> [TASK GOAL]:
Restate all the lines below word for word, but omit the pictures.

══════

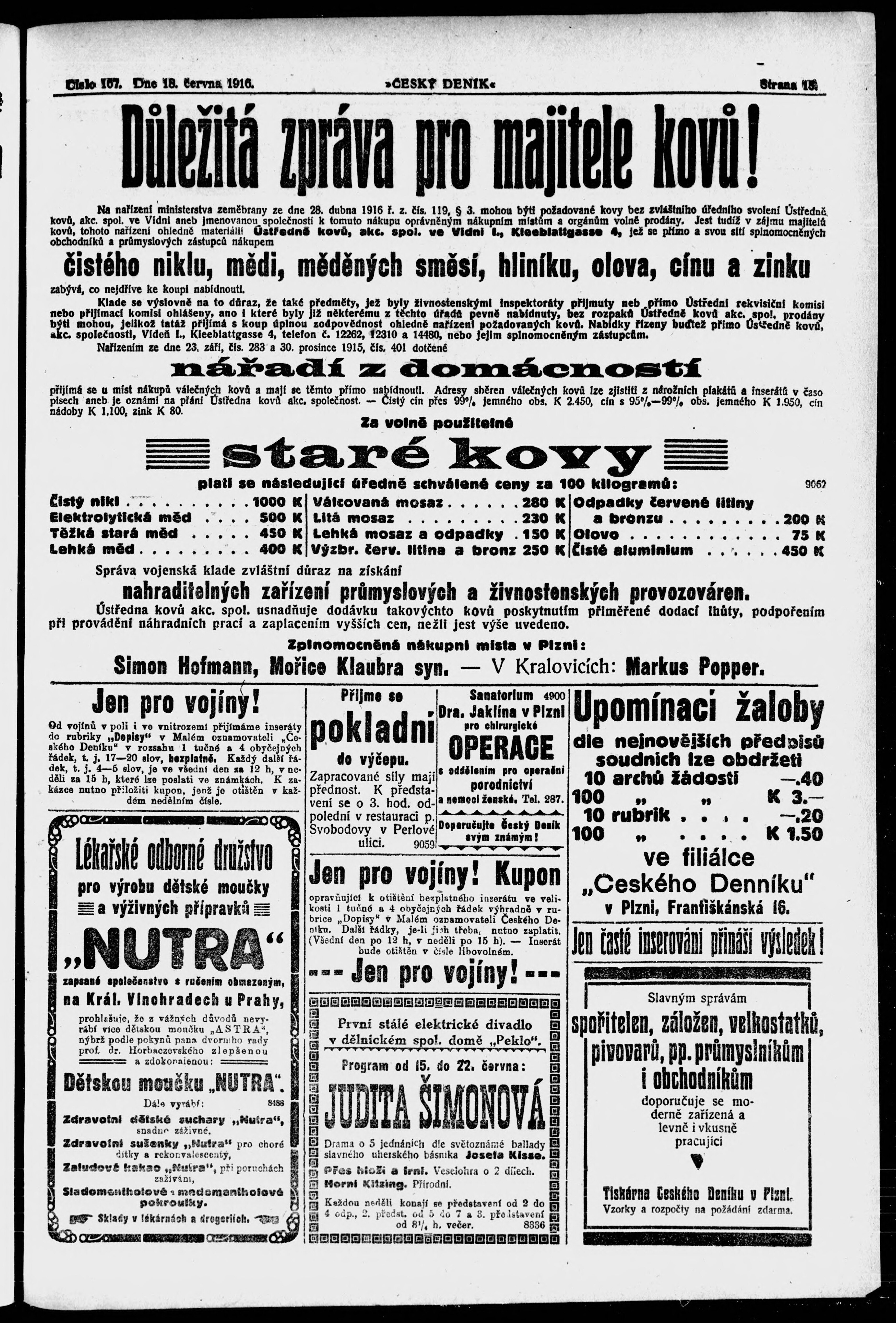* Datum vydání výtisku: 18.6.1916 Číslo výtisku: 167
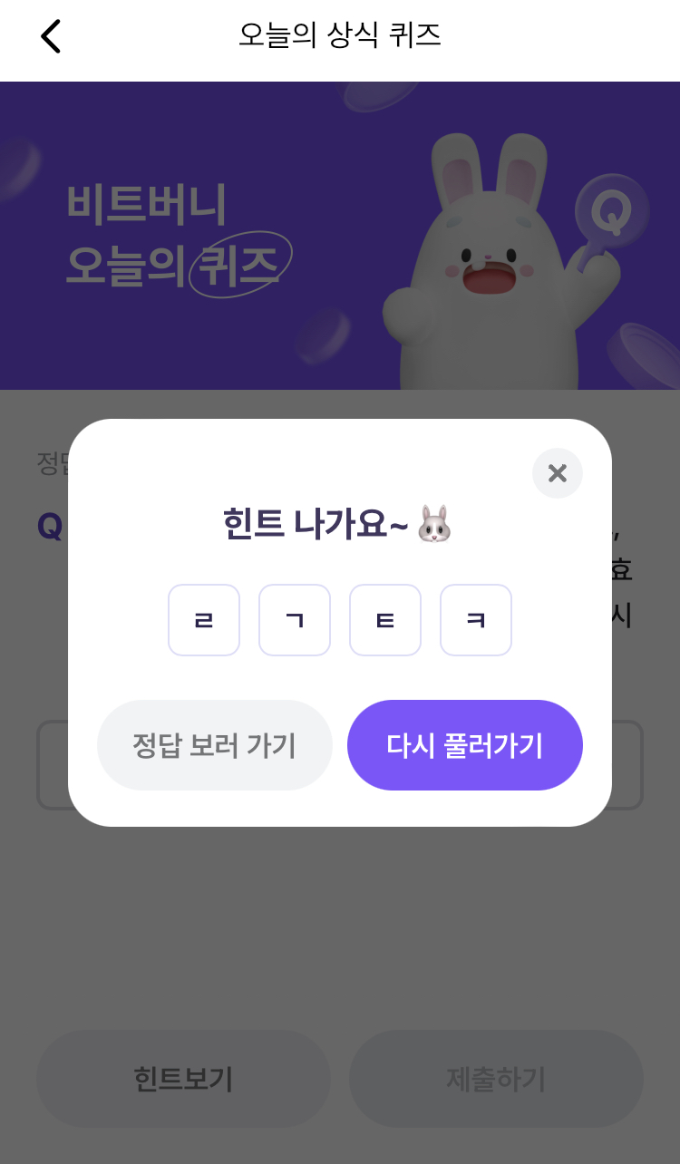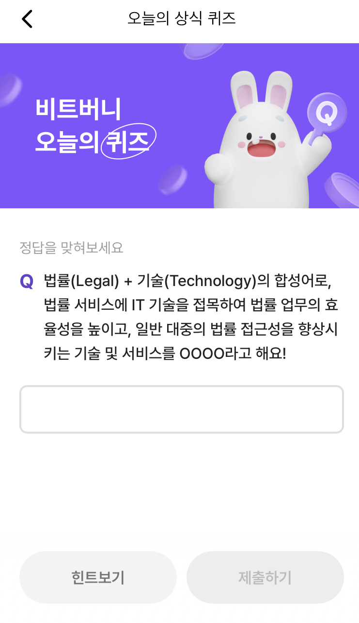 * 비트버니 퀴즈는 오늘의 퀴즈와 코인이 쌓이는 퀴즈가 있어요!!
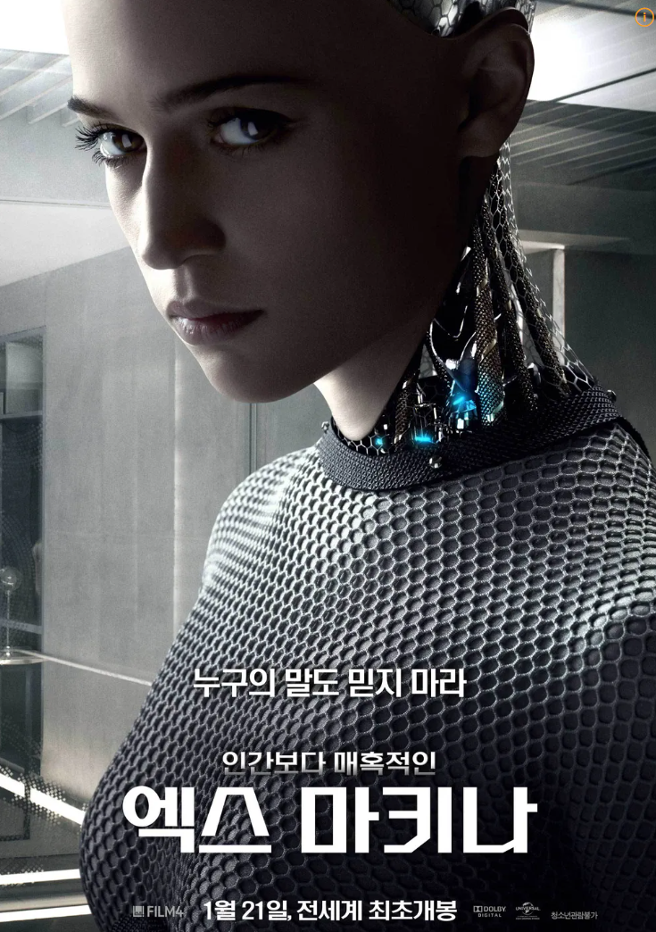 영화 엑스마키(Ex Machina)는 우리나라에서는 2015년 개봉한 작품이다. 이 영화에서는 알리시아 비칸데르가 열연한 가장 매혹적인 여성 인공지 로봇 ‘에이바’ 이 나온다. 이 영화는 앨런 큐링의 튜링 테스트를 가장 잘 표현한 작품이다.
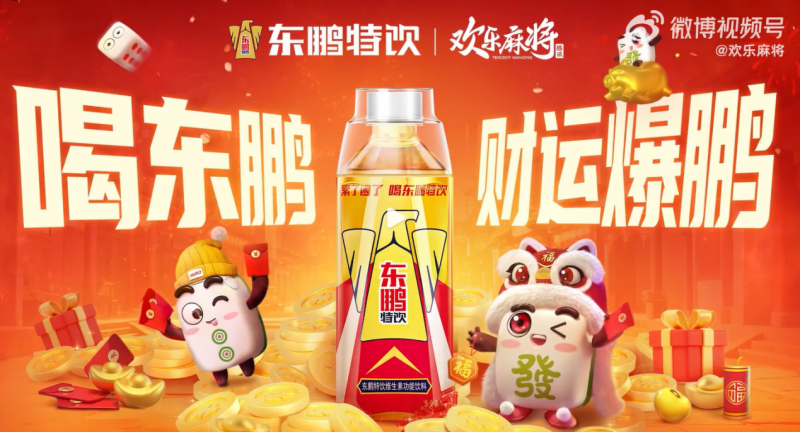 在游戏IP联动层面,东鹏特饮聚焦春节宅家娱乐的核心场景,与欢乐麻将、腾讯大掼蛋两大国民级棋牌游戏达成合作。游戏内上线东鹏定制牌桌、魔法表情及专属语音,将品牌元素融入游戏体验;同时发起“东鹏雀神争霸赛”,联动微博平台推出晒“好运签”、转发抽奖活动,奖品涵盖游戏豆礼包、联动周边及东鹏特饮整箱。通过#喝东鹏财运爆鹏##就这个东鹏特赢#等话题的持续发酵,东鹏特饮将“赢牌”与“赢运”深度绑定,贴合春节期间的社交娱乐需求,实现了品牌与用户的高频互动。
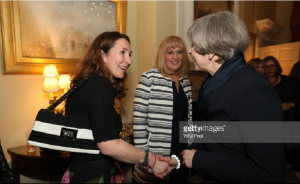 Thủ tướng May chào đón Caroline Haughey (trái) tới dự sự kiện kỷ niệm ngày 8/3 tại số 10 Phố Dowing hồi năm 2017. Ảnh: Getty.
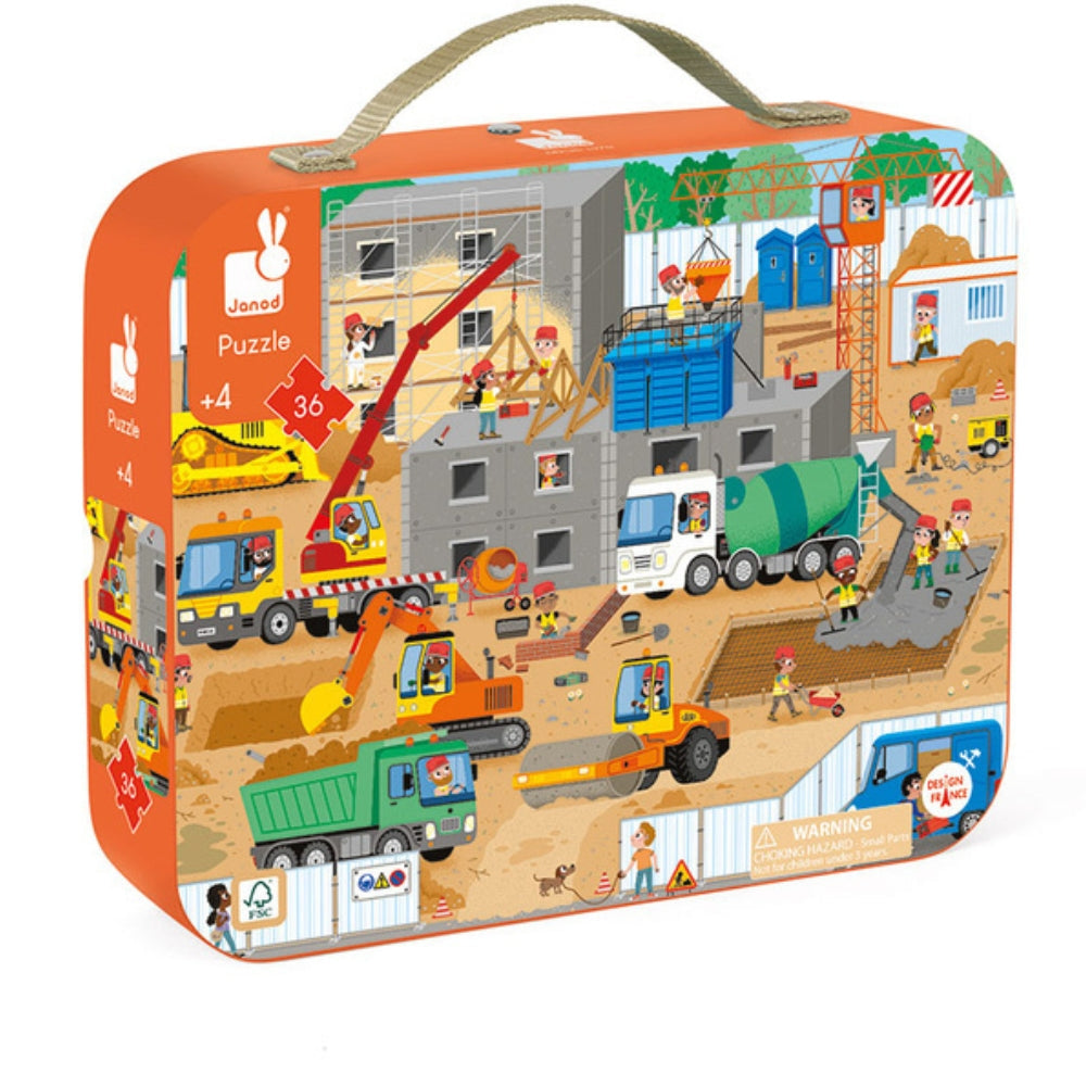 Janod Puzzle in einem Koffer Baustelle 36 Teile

══════

> [SOLUTION FOR THIS PROBLEM]:
* Datum vydání výtisku: 18.6.1916 Číslo výtisku: 167
 * 비트버니 퀴즈는 오늘의 퀴즈와 코인이 쌓이는 퀴즈가 있어요!!
 영화 엑스마키(Ex Machina)는 우리나라에서는 2015년 개봉한 작품이다. 이 영화에서는 알리시아 비칸데르가 열연한 가장 매혹적인 여성 인공지 로봇 ‘에이바’ 이 나온다. 이 영화는 앨런 큐링의 튜링 테스트를 가장 잘 표현한 작품이다.
 在游戏IP联动层面,东鹏特饮聚焦春节宅家娱乐的核心场景,与欢乐麻将、腾讯大掼蛋两大国民级棋牌游戏达成合作。游戏内上线东鹏定制牌桌、魔法表情及专属语音,将品牌元素融入游戏体验;同时发起“东鹏雀神争霸赛”,联动微博平台推出晒“好运签”、转发抽奖活动,奖品涵盖游戏豆礼包、联动周边及东鹏特饮整箱。通过#喝东鹏财运爆鹏##就这个东鹏特赢#等话题的持续发酵,东鹏特饮将“赢牌”与“赢运”深度绑定,贴合春节期间的社交娱乐需求,实现了品牌与用户的高频互动。
 Thủ tướng May chào đón Caroline Haughey (trái) tới dự sự kiện kỷ niệm ngày 8/3 tại số 10 Phố Dowing hồi năm 2017. Ảnh: Getty.
 Janod Puzzle in einem Koffer Baustelle 36 Teile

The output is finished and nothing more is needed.